One of the easiest restock gigs was at Innot Hot Springs where I was allocated the most delightful campsite in a caravan park catering mainly for grey nomads in massive rigs. My spot was right by the hot springs, well away from everyone else, a shelter for storing my gear, plenty of space for one donkey to be on a nice long tether while the other free-ranged and the post office nearby at the park office. While I spent most of my time surrounded by what looked like an inordinate amount of gear.
On the morning of departure, van people started drifting over well before I’d finished packing up. Cameras and videos clicked and whirred as I saddled the donkeys. Next was the hardest job of my day: hooking a twenty-kilo bag onto each side of two donkeys without letting their saddle slip sideways.
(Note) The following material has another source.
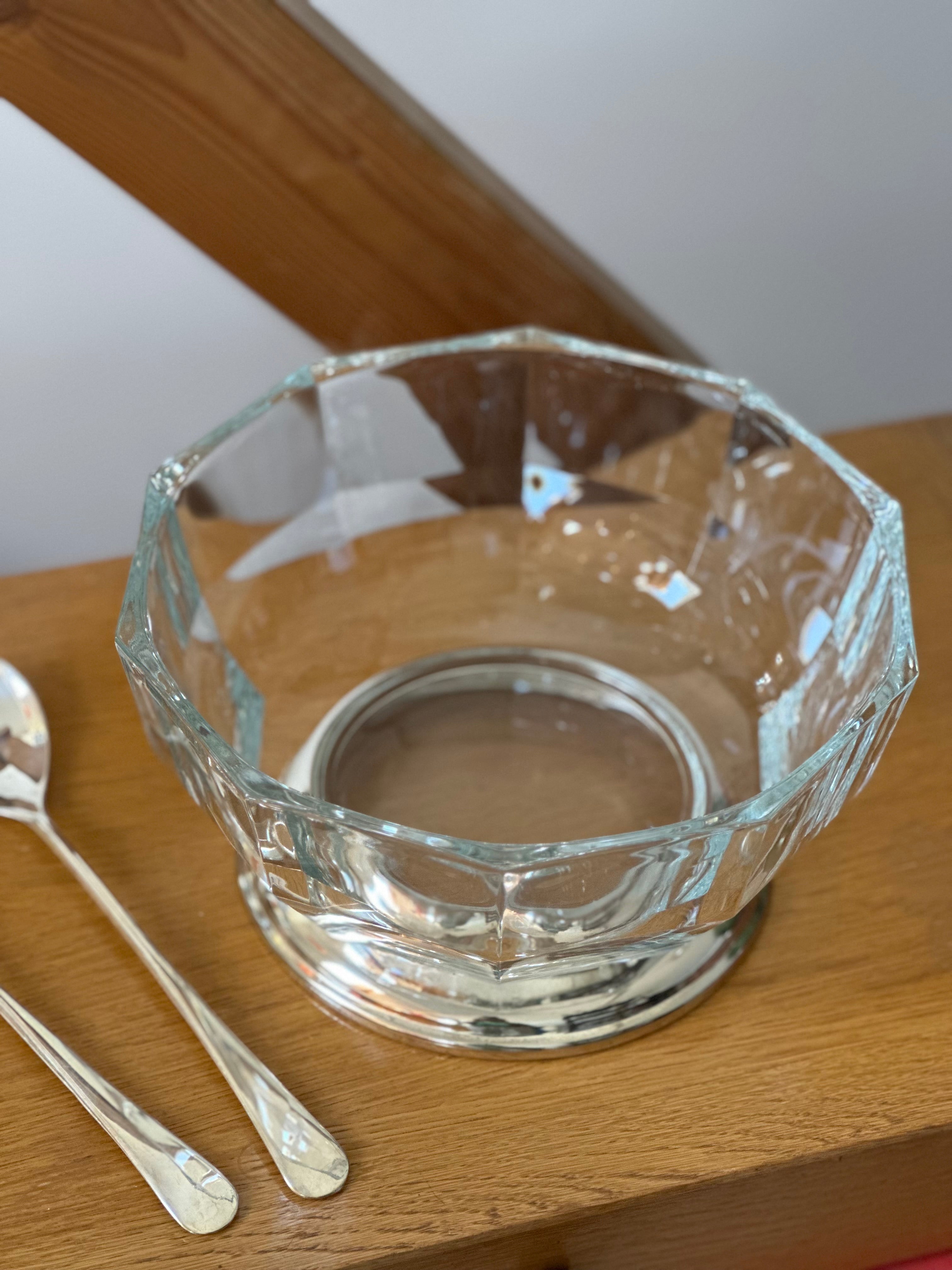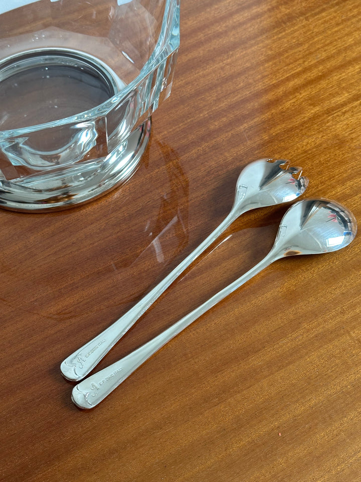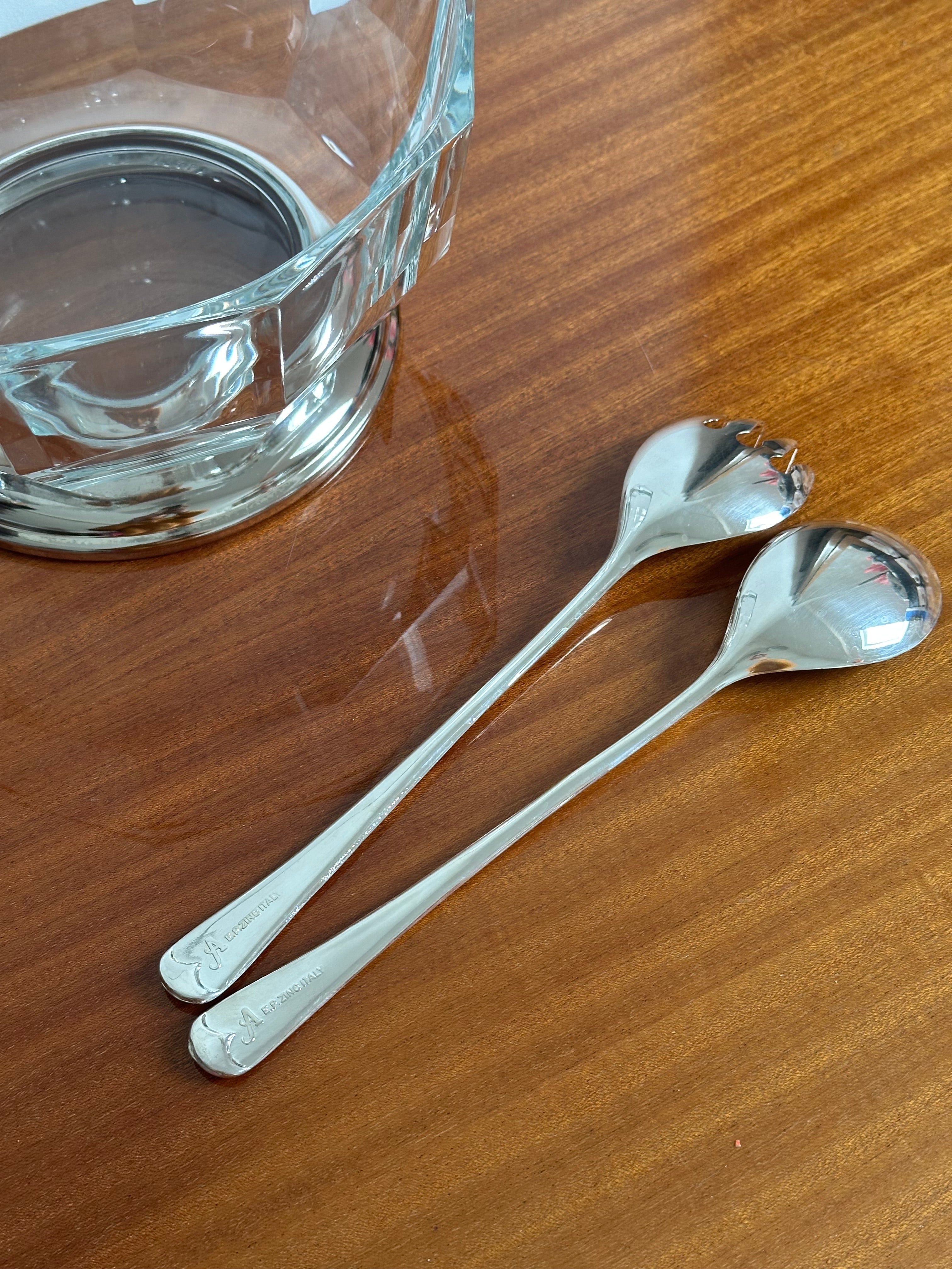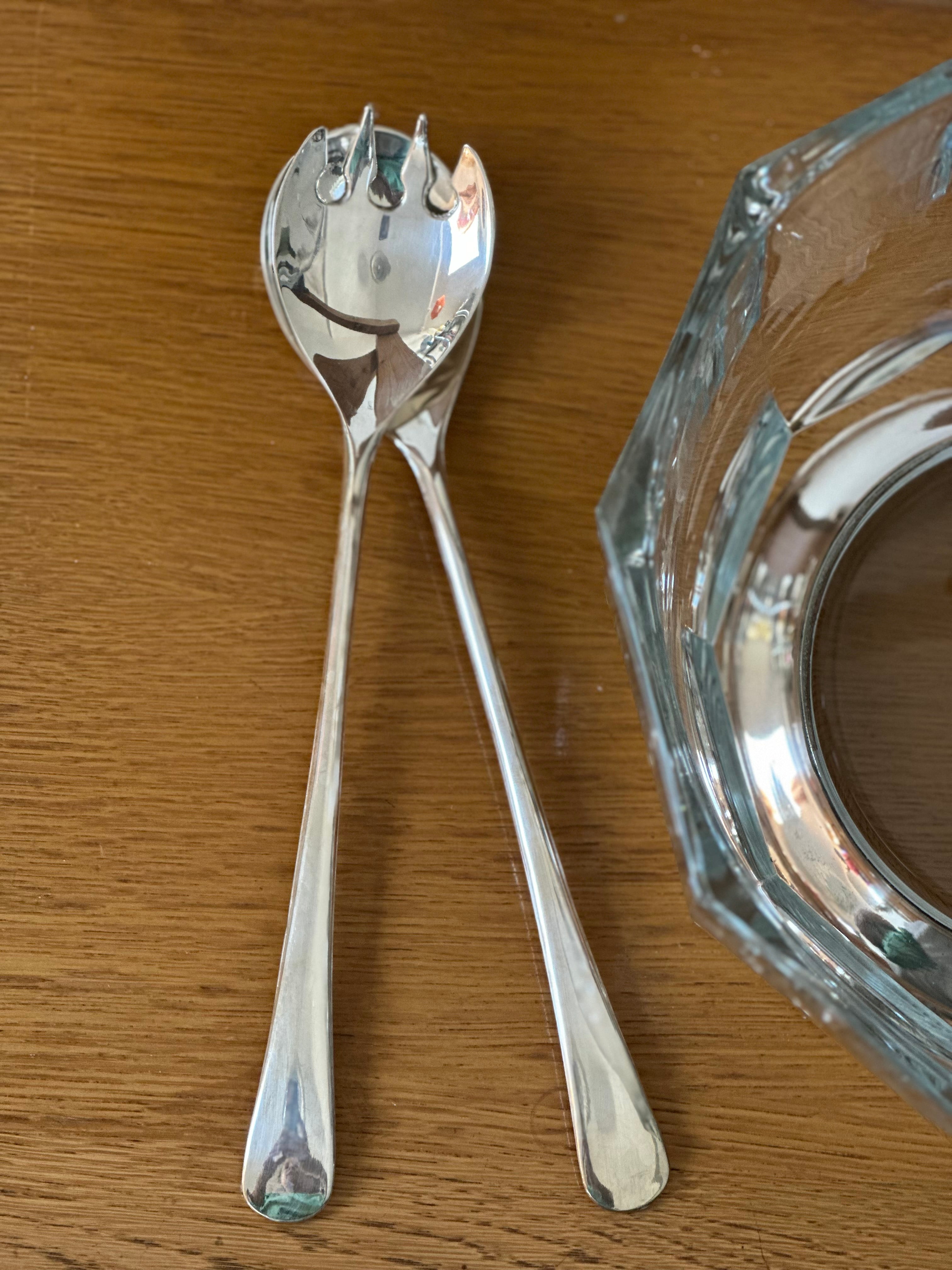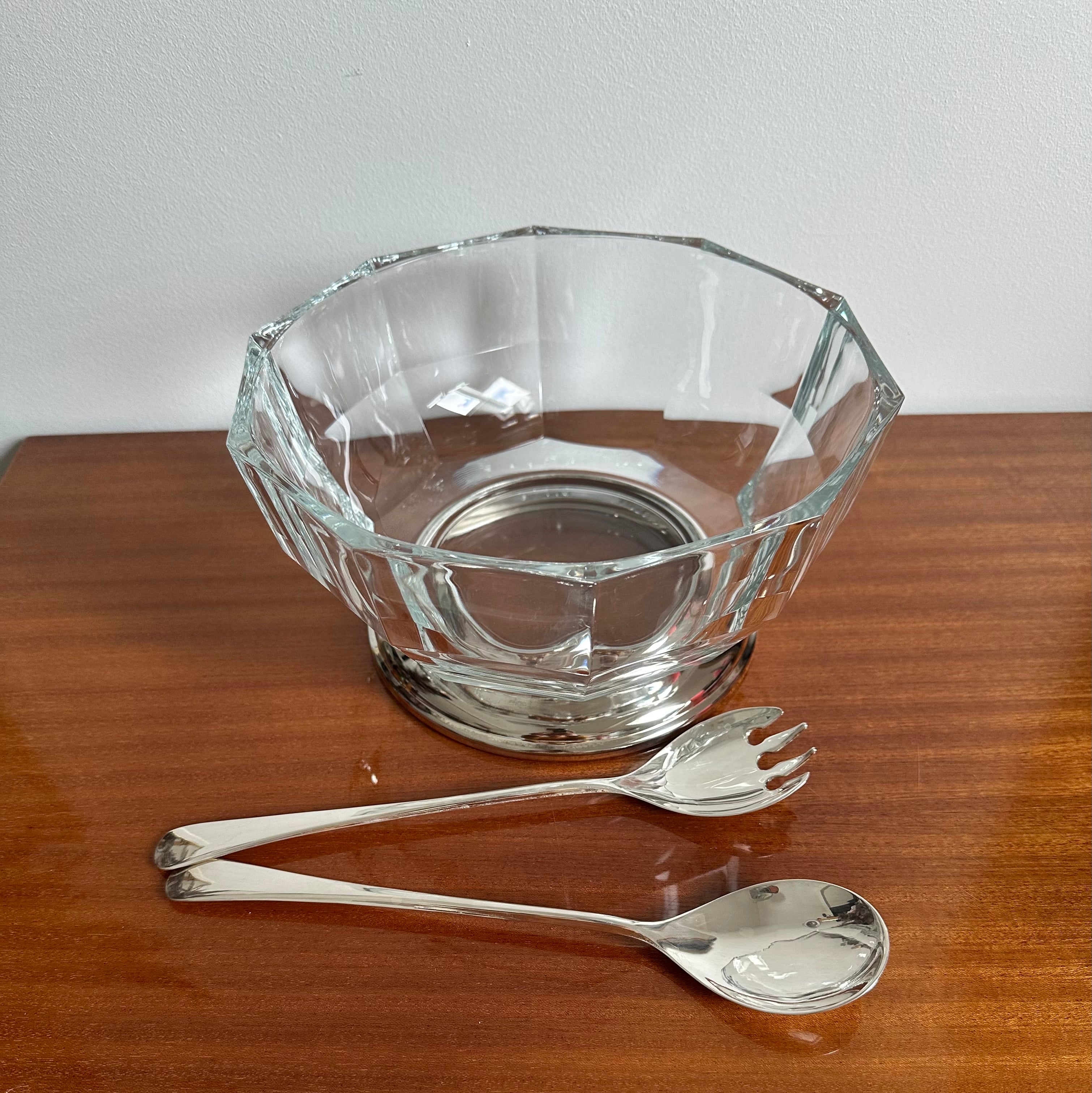 - Très beau saladier des années 80, en verre et métal argenté avec ses 2 couverts assortis, pour servir tout ce que vous souhaitez avec élégance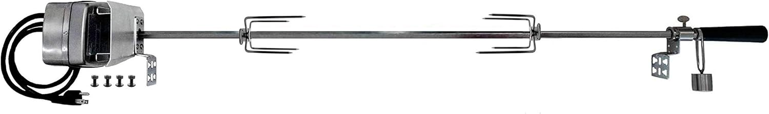 The OneGrill 45'' X 1/2" Heavy Duty Chrome Steel Rotisserie Kit is made for the grill enthusiast who wants to add power and durability to their rotisserie application. The OneGrill 50 lb. Heavy Duty Motor features a stainless steel weather resistant housing, an anti-backlash gear train for smooth operation of unbalanced loads, and quiet operation through a unique internal gear reduction. The heavy duty spit, forks, brackets, and counter balance system are all constructed of high quality chrome steel for easy cleanup and extended life. *Designed to fit grills up to 39" wide across the grill head. Featuring the OneGrill top rated Stainless steel electric Motor, this kit will turn loads up to a maximum of 50 lbs. perfectly balanced and evenly distributed. Please note for naturally imbalanced animals such as pig or lamb a 30 lb. weight limit is an achievable maximum expectation and additional counterbalancing may be required. *Universal style fitment to MOST grills. Please review all Technical Specification Documents, descriptions, and images to ensure fitment to your specific application prior to purchase. This kit is backed by the OneGrill 1 year "No Hassle Warranty". THIS COMPLETE SET INCLUDES:(1) OneGrill Stainless Steel Rotisserie Motor; 110v, (1) 45" X 1/2" Hexagon Profile Chrome Steel Spit Rod, (2) Premium Four Prong Chrome Steel Spit Forks, (1) Chrome Steel Universal Bracket Set, (1) Premium Contoured Handle, (1) 8 oz. Chrome Steel Counter Balance Weight, (1) Chrome Steel Locking Washer, (1) Chrome Steel Spit Rod Bushing.ONEGRILL ADDITIONAL ACCESSORIES AVAILABLE EXTRA SPIT FORK PAIR (model 4pf04):B00CERGWTU PERFORMER UNIVERSAL BASKET(model 5pb815): B01NAEOFXK STAINLESS FLAT ROTISSERIE BASKET(model 4pb20):B008P4B8M2 STAINLESS TUMBLE BASKET(model 4pb21):B008P4UM3I NEED EVEN MORE WEIGHT CAPACITY? SEE: B00N36OULS HAVE A WEBER GAS GRILL? SEE: B008RS6UOC, B00VXPYFQG,B078Y9K61N & B071LJ7LHR

I turned to the crowd, “So who’s willing to help me hook these on?”
A bald, fit-looking guy stepped up to turn a tough job on my own into a piece of cake. More cameras snapped as I attached the final loose bits and pieces – sleeping mat, water bag, map and handbag containing wallet, notebook, pen, GPS and mobile phone.
As I shouldered my backpack with thermos and the day’s food, someone exclaimed, “Wow! You’ve done it! We’ve all been having bets on whether you could fit all that stuff on two donkeys.”